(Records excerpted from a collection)
◆ ◆ ◆ ◆ ◆
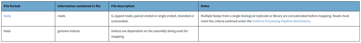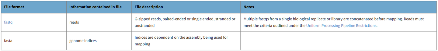 - 读长应至少为50个碱基对,鼓励更长的读长;分析流程可以处理低至25个碱基对的读长。可以配对或单端测序。
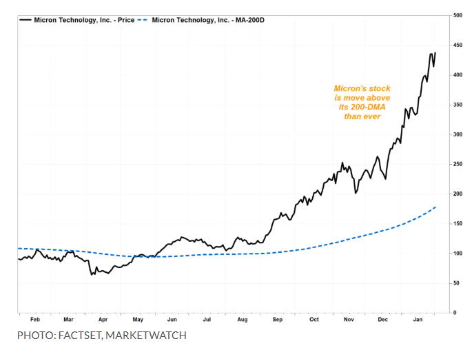 美光科技股价创下技术指标极端纪录,当前股价较长期趋势线的偏离程度已超越互联网泡沫和Windows 95热潮时期的峰值水平,历史数据显示这一信号往往预示着大幅回调。 美光近月来呈抛物线式上涨,今年1月出现自2000年2月以来最大单月涨幅——而那正是互联网泡沫破裂 前夕。人工智能驱动的供应短缺与需求激增,推动美光及部分存储企业的价格和利润双双走高。 相比之下,2000年初互联网泡沫顶峰时期,这一偏离度最高仅达98%。当美光股价在2000年7月14日见 顶时,偏离度为89%。此后三个月内股价暴跌65%,12个月后仍下跌62%。 此前的纪录出现在1995年9月11日,当时偏离度为124%。彼时美光股价因微软发布Windows 95而飙升, 新操作系统引发存储芯片强劲需求,导致供应短缺并推高价格和利润——这一场景与当前AI热潮高度 相似。那次峰值过后三个月,股价下跌42%;12个月后暴跌77%。 基本面强劲难掩估值风险 美光当前的上涨确有坚实基本面支撑。AI应用带来的供应紧张与需求增长,正在为存储芯片行业创造 有利环境。这也解释了为何绝大多数华尔街分析师维持乐观预期。 周一美光股价飙升5.5%,创下过去五个交易日中的第 ...
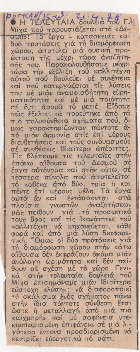 Απόκομμα, χαρτί, 13×5 εκ., στα ελληνικά, δημοσίευσης κριτικής έκθεσης του Γιάννη Μίχα, η οποία διεξάγεται στην Αίθουσα Τέχνης Δεσμός στην Αθήνα.
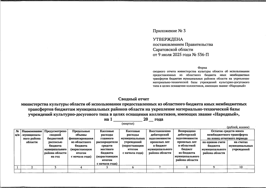 Постановление Правительства Саратовской области от 09.07.2025 N 536-П "О методике распределения и порядке предоставления из областного бюджета иных межбюджетных трансфертов бюджетам муниципальных районов области на укрепление материально-технической базы учреждений культурно-досугового типа в целях оснащения коллективов, имеющих звание "Народный" (вместе с "Положением о методике распределения и порядке предоставления из областного бюджета иных межбюджетных трансфертов бюджетам муниципальных районов области на укрепление материально-технической базы учреждений культурно-досугового типа в целях оснащения коллективов, имеющих звание "Народный")
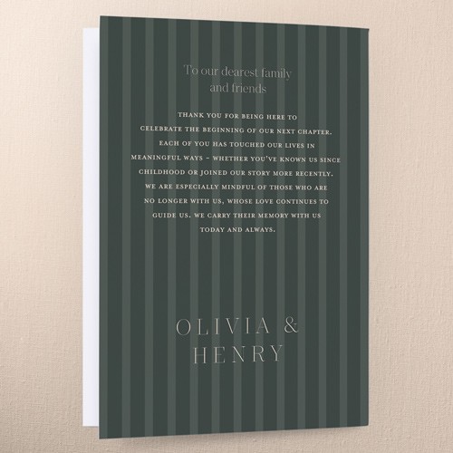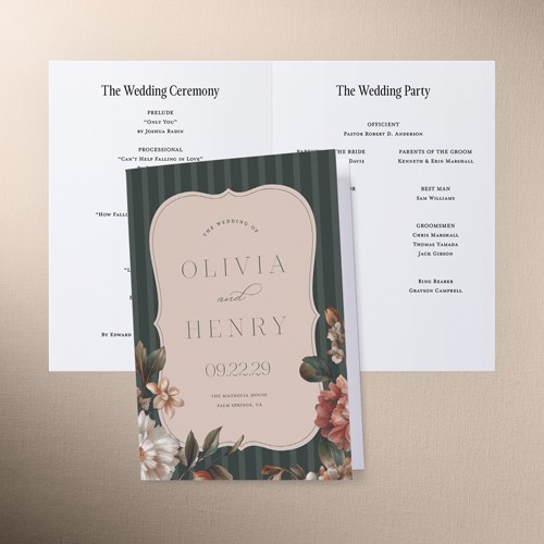 Share all the details of your big day with a personalized program that’s sure to impress your guests. It’s the perfect way to make them feel more a part of the ceremony. Select a program that coordinates with your invitations, RSVP cards, place cards and more.
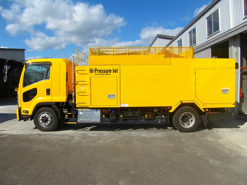 2tから12t車まで多様な強力吸引車両を要し、汚水・汚泥・廃油・廃液・粉体など様々な対象物を素早く吸引回収し運搬排出します。施工現場にて高圧洗浄車で洗浄し、下水道に流すことのできない汚泥を強力吸引車で吸い取り、処理場まで運搬します。
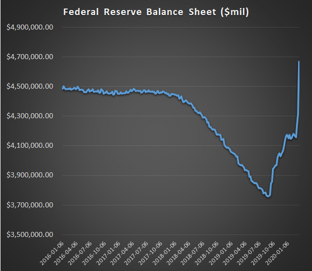 At the moment, the U.S. Federal Reserve is expanding the monetary base to buy that debt and finance U.S. fiscal deficits. After years of holding their balance sheet flat and even trying to reduce it, they are now expanding it at a record pace to monetize hundreds of billions of dollars in new debt over the past few weeks alone:
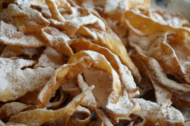 - Italian: chiacchiere (“chatter”), bugie (“lies”), cenci (“rags”), crostoli, frappe, galani, grostoli, sfrappole, nocche
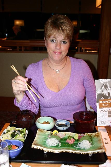 Pam is enjoying fresh sashimi at a restaurant in Tokyo before we attend a Kabuki performance.
◆ ◆ ◆ ◆ ◆
[TASK PROMPT]
For this exercise, retype the data above exactly and skip every image.

[SOLUTION TO THIS TASK]
 - 读长应至少为50个碱基对,鼓励更长的读长;分析流程可以处理低至25个碱基对的读长。可以配对或单端测序。
 美光科技股价创下技术指标极端纪录,当前股价较长期趋势线的偏离程度已超越互联网泡沫和Windows 95热潮时期的峰值水平,历史数据显示这一信号往往预示着大幅回调。 美光近月来呈抛物线式上涨,今年1月出现自2000年2月以来最大单月涨幅——而那正是互联网泡沫破裂 前夕。人工智能驱动的供应短缺与需求激增,推动美光及部分存储企业的价格和利润双双走高。 相比之下,2000年初互联网泡沫顶峰时期,这一偏离度最高仅达98%。当美光股价在2000年7月14日见 顶时,偏离度为89%。此后三个月内股价暴跌65%,12个月后仍下跌62%。 此前的纪录出现在1995年9月11日,当时偏离度为124%。彼时美光股价因微软发布Windows 95而飙升, 新操作系统引发存储芯片强劲需求,导致供应短缺并推高价格和利润——这一场景与当前AI热潮高度 相似。那次峰值过后三个月,股价下跌42%;12个月后暴跌77%。 基本面强劲难掩估值风险 美光当前的上涨确有坚实基本面支撑。AI应用带来的供应紧张与需求增长,正在为存储芯片行业创造 有利环境。这也解释了为何绝大多数华尔街分析师维持乐观预期。 周一美光股价飙升5.5%,创下过去五个交易日中的第 ...
 Απόκομμα, χαρτί, 13×5 εκ., στα ελληνικά, δημοσίευσης κριτικής έκθεσης του Γιάννη Μίχα, η οποία διεξάγεται στην Αίθουσα Τέχνης Δεσμός στην Αθήνα.
 Постановление Правительства Саратовской области от 09.07.2025 N 536-П "О методике распределения и порядке предоставления из областного бюджета иных межбюджетных трансфертов бюджетам муниципальных районов области на укрепление материально-технической базы учреждений культурно-досугового типа в целях оснащения коллективов, имеющих звание "Народный" (вместе с "Положением о методике распределения и порядке предоставления из областного бюджета иных межбюджетных трансфертов бюджетам муниципальных районов области на укрепление материально-технической базы учреждений культурно-досугового типа в целях оснащения коллективов, имеющих звание "Народный")
 Share all the details of your big day with a personalized program that’s sure to impress your guests. It’s the perfect way to make them feel more a part of the ceremony. Select a program that coordinates with your invitations, RSVP cards, place cards and more.
 2tから12t車まで多様な強力吸引車両を要し、汚水・汚泥・廃油・廃液・粉体など様々な対象物を素早く吸引回収し運搬排出します。施工現場にて高圧洗浄車で洗浄し、下水道に流すことのできない汚泥を強力吸引車で吸い取り、処理場まで運搬します。
 At the moment, the U.S. Federal Reserve is expanding the monetary base to buy that debt and finance U.S. fiscal deficits. After years of holding their balance sheet flat and even trying to reduce it, they are now expanding it at a record pace to monetize hundreds of billions of dollars in new debt over the past few weeks alone:
 - Italian: chiacchiere (“chatter”), bugie (“lies”), cenci (“rags”), crostoli, frappe, galani, grostoli, sfrappole, nocche
 Pam is enjoying fresh sashimi at a restaurant in Tokyo before we attend a Kabuki performance.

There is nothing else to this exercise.